Treatment of Japanese Encephalitis (JE) Virus

• There is no specific antiviral treatment for JE.
• Therapy consists of supportive care and management of complications.

Prevention and Control of Japanese Encephalitis (JE) Virus

Vaccination

• Ixiaro, an inactivated JE vaccine generated from Vero cell culture, is the only JE vaccine that is approved and marketed in the United States.
• In other nations, inactivated and live attenuated JE vaccines are produced and utilised.
• The vaccination is given in a 2-dose series, with each dose given intramuscularly and spaced 28 days apart.
• At least a week before departure, the second dosage has to be administered.
• Children under the age of 3 receive a lower dosage than patients age 3 and up.
• Anyone aged 17 or older who received the vaccination more than a year ago and is still at risk of exposure may be advised to receive a booster dose. 
• Long-term travellers, frequent travellers, or expatriates who will be based in urban areas but are likely to travel to endemic rural or agricultural areas during a high-risk period of JE virus transmission should consider getting the JE vaccine.
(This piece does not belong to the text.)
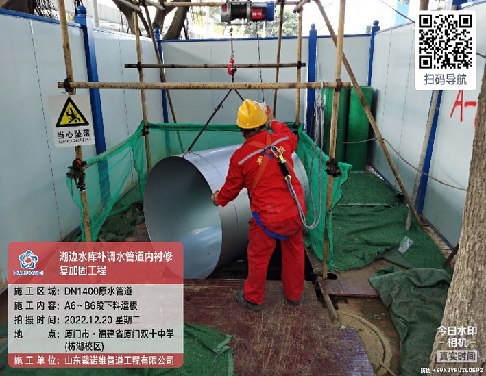 4.項(xiàng)目概況:湖邊水庫(kù)DN1400補(bǔ)調(diào)水管道全長(zhǎng)8709.5m,起點(diǎn)為高殿水廠。湖邊水庫(kù)補(bǔ)調(diào)水管道設(shè)計(jì)輸水能力20萬(wàn)m3/d,是保障廈門市島內(nèi)原水應(yīng)急供應(yīng)的重要管道。湖邊水庫(kù)補(bǔ)調(diào)水管道補(bǔ)調(diào)水管道自2010年1月投入運(yùn)行,部分路段管道多次發(fā)生漏水或破管事件,因此本次對(duì)爆管頻繁發(fā)生段管道予以修復(fù)。該現(xiàn)狀管管徑為DN1400,采用預(yù)應(yīng)力II 級(jí)鋼筋混凝土管(以下簡(jiǎn)稱混凝土管)、鋼管和球墨鑄鐵管埋地鋪設(shè),其中原管材為鋼管或球墨鑄鐵的管段本次不予以修復(fù)。由于混凝土管段多次發(fā)生管道破裂、脫節(jié)及沉降事件,因此本次對(duì)混凝土管段予以修復(fù),全長(zhǎng)3568.55m。采用非開挖方式內(nèi)襯不銹鋼更新修復(fù)。
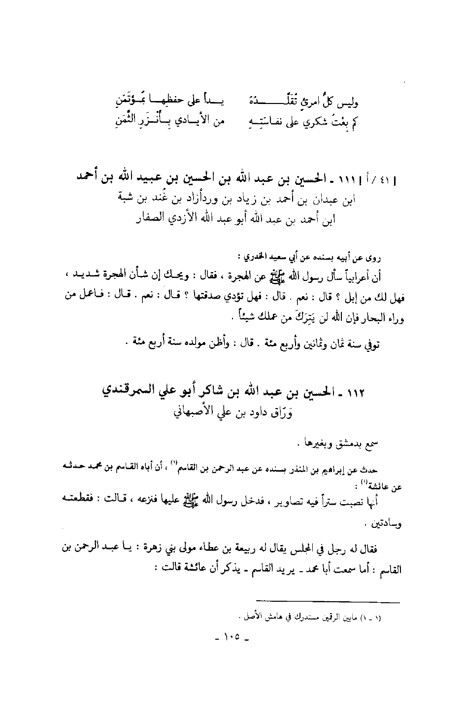 ابن عبيد الله بن أحمد ابن عبدان بن أحمد بن زياد بن ورد أزاد بن غند بن شبة ابن أحمد بن عبد الله الأزدي الصفار روى عن أبيه بسنده عن أبي سعيد الخدري: أن أعرابياً سأل رسول الله صَلَّى اللهُ عَلَيْهِ وَسَلَّمَ عن الهجرة، فقال: ويحك إن شأن الهجرة شديد، فهل لك من إبل؟ قال: نعم. قال: فهل تؤدي صدقتها؟ قال: نعم. قال: فاعمل من وراء البحار فإن الله لن يترك من عملك شيئاً.

These travellers include those who plan to spend less than one month in endemic areas during the JE virus transmission season.
• early discovery and treatment of cases.
• mosquitoes in rice fields utilising larvicides, pesticides, and environmentally friendly techniques like making neem cakes and raising larval fish.
• Control of vectors involves removing larval breeding grounds, reducing human-mosquito interaction by donning clothes designed to prevent mosquito bites, and eliminating adult mosquitoes.